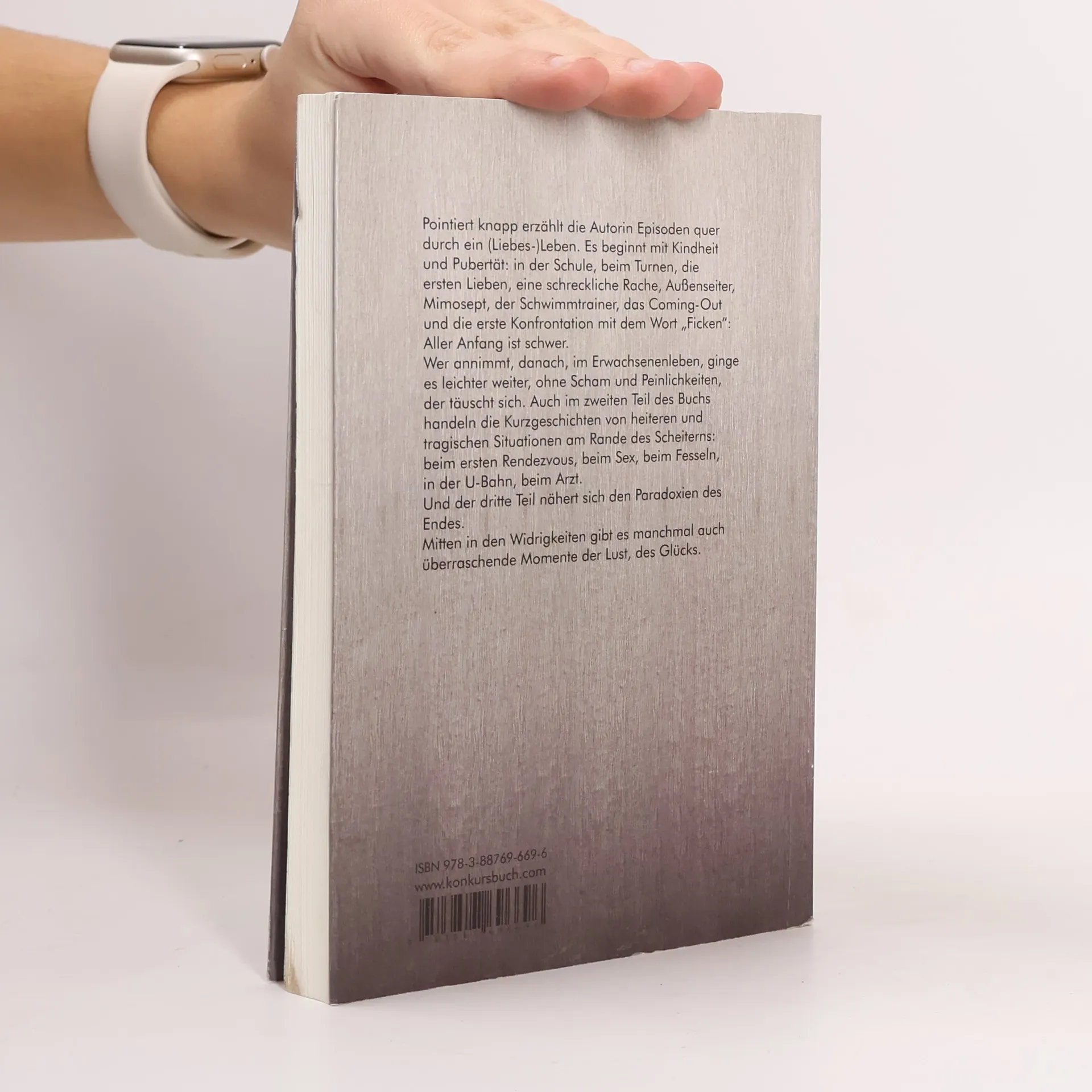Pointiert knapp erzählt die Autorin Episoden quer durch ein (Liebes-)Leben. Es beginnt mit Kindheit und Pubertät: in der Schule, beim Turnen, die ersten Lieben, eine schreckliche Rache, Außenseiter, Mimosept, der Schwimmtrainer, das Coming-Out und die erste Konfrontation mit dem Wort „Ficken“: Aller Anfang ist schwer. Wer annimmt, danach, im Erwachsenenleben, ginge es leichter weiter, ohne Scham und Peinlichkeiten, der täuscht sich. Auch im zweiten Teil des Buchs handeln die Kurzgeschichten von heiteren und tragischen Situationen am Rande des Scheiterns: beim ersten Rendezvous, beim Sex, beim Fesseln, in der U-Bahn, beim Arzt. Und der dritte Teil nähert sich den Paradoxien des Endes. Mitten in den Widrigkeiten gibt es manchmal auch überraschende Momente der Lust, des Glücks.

==

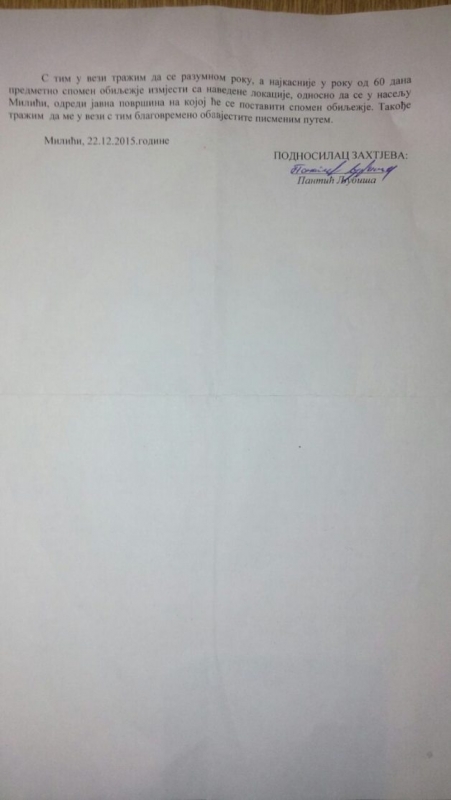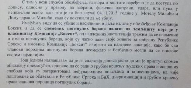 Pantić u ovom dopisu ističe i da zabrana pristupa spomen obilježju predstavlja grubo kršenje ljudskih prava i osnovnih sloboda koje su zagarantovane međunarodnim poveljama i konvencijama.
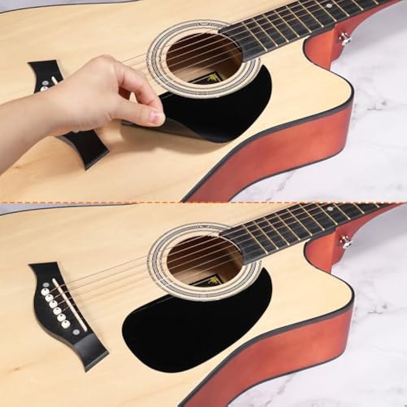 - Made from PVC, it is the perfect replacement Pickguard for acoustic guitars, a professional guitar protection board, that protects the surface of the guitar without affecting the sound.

§ **PROBLEM STATEMENT**:
Using the records above, return verbatim only the part that opens with the line containing "Pantić u ovom" and closes with the line containing "- Made from"; pictures stay out.

§ **EXPECTED OUTPUT**:
 Pantić u ovom dopisu ističe i da zabrana pristupa spomen obilježju predstavlja grubo kršenje ljudskih prava i osnovnih sloboda koje su zagarantovane međunarodnim poveljama i konvencijama.
 - Made from PVC, it is the perfect replacement Pickguard for acoustic guitars, a professional guitar protection board, that protects the surface of the guitar without affecting the sound.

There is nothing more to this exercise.